|
|
|
|
|
by amluto
1556 days ago
|
|
I find this utterly bizarre. Once upon a time, if you wanted to left pad a string, you would just do it. A while later, people discovered that you could use a library. (I’m joking a bit here, but libraries are genuinely useful.). With a library, you get to pick from various schemes and schedules for updating the library, but you have a degree of control. But now apparently you’re supposed to use a web API and depend on an external service. This has all kinds of downsides: it has latency (and potentially tail latency). It has larger security issues. It doesn’t work in many sandboxes. It requires an asynchronous call. Callers have to handle timeouts and retries. (If you left pad a string with a normal library, it either works or it doesn’t. With a web service, it can fail transiently or give wrong answers transiently.). It updates on its own schedule, without notice, and cannot be rolled back. And it can charge an utterly outrageous per-call price, so instead of merely profiling and debugging slowness due to making too many calls, developers also have to worry about inadvertently spending hundreds of thousands of dollars. Replace “left pad a string” with “generate a PDF” and you get this. Why is this desirable? I suppose things like this may partially explain the stunning slowness of bank websites. |
|
I used to work on a browser-based document management system, and I would have used (or at least tried) all of these APIs without hesitation. PDFs are a pain and the mish mash of poor functioning tools that exist provides a constant headache.
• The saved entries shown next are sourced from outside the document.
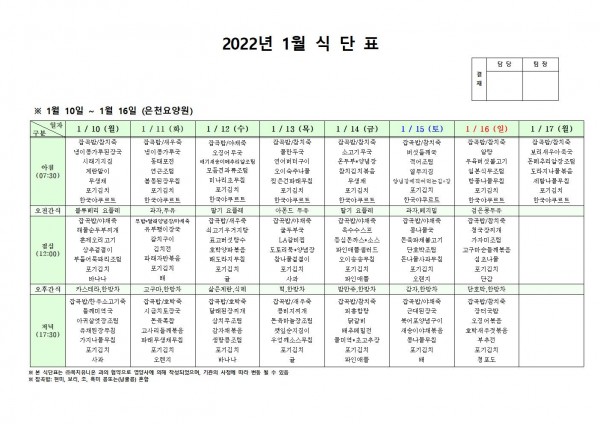 1월 둘째주 식단표 페이지 정보 작성자 은천노인복지회 작성일22-01-07 10:03 조회112,975회 댓글0건 관련링크 이전글 다음글 목록 답변 본문 . 이전글 다음글 목록 답변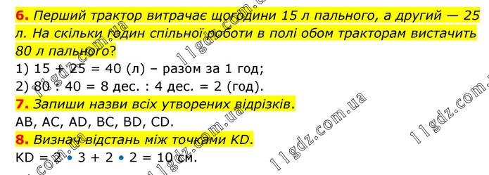 6. Перший трактор витрачає щогодини 15 л пального, а другий — 25 л. На скільки годин спільної роботи в полі обом тракторам вистачить 80 л пального? 1) 15 + 25 = 40 (л) – разом за 1 год; 2) 80 : 40 = 8 дес. : 4 дес. = 2 (год). 7. Запиши назви всіх утворених відрізків. АВ, АС, АD, BC, BD, CD. 8. Визнач відстань між точками KD. KD = 2 • 3 + 2 • 2 = 10 см.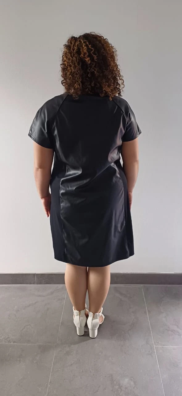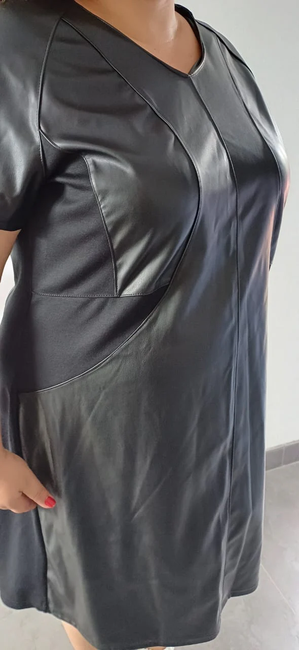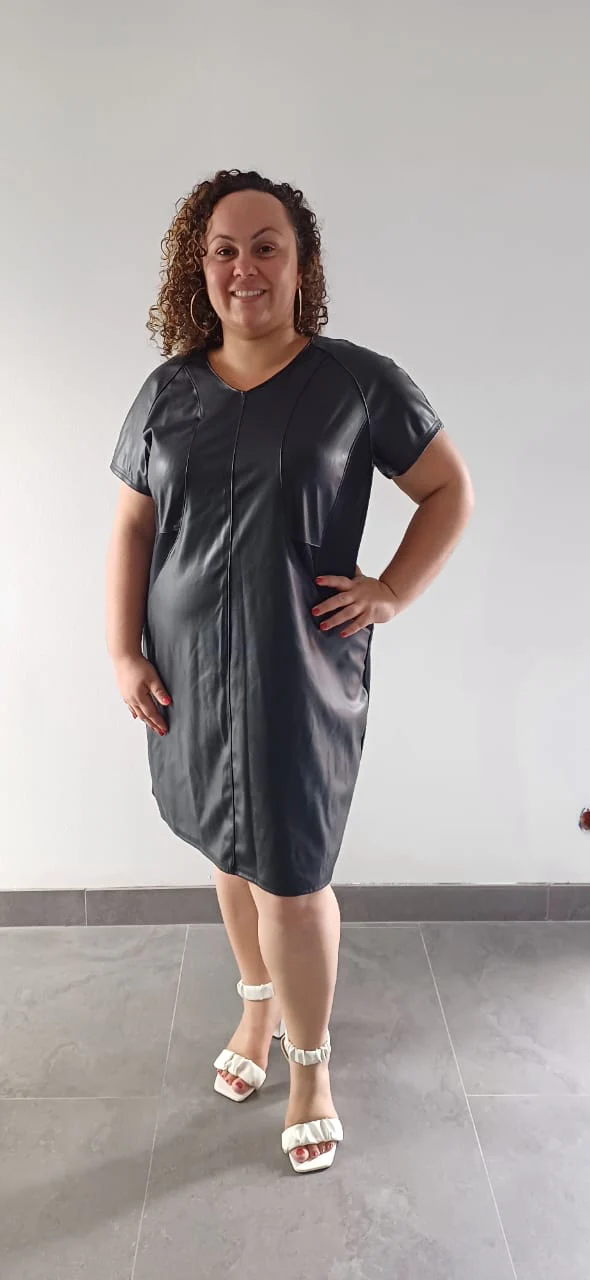 Fabriquée en France avec un souci du détail exemplaire, cette robe en simili cuir noir grande taille représente le parfait équilibre entre confort quotidien et élégance intemporelle.

1) OCR'ing of a PDF is difficult. The only good service is Google, but requires that you break it into pages as images to be performant. This would have simplified things greatly. Even if the PDF has text inside and is not an image, it can be wrong or not laid out in a linear way, so you have to OCR it. Command line tools do not get you very far. An example: if you OCR or text extract a PDF with multiple columns of text, does it handle the columns well?
2) People want searchable OCR'd PDFs where you can highlight the text, even when it's a bitmap underneath. This requires a technique where you overlay transparent text in the exact position of text in the bitmap. This does not come for free and I've only seen this done on proprietary Windows-only software. This alone would be worth it.
3) Office to PDF is an extremely standard need, especially if you want to display them online. But it's not easy. You have to hack together a headless OpenOffice to have it work at all, but it doesn't do a great job. It's difficult to do well because Office docs are like HTML pages in that it greatly depends on the renderer, not to mention the fonts. Microsoft does not offer a service to do this, unfortunately. If you think anything will do, it really won't: when people see their PDF looks very different than what they saw on Word, they get upset.
4) Table extraction APIs are super important, especially if you are trying to automatically extract data from PDFs (e.g. analyze financial disclosures). There have been whole startups dedicated to this.
5) HTML to PDF is also a pain: you have to set up an instance that is running headless Chromium, which can be quite slow. This has become the defacto standard to quickly create complex PDFs. Having a simple API wrapper around this is just one less thing to manage.
The rest of the APIs, like the merging/splitting/watermarking etc., are pretty standard and you do not need APIs if you already have access to the PDF on a server. But if you were in a browser or on mobile, you might not.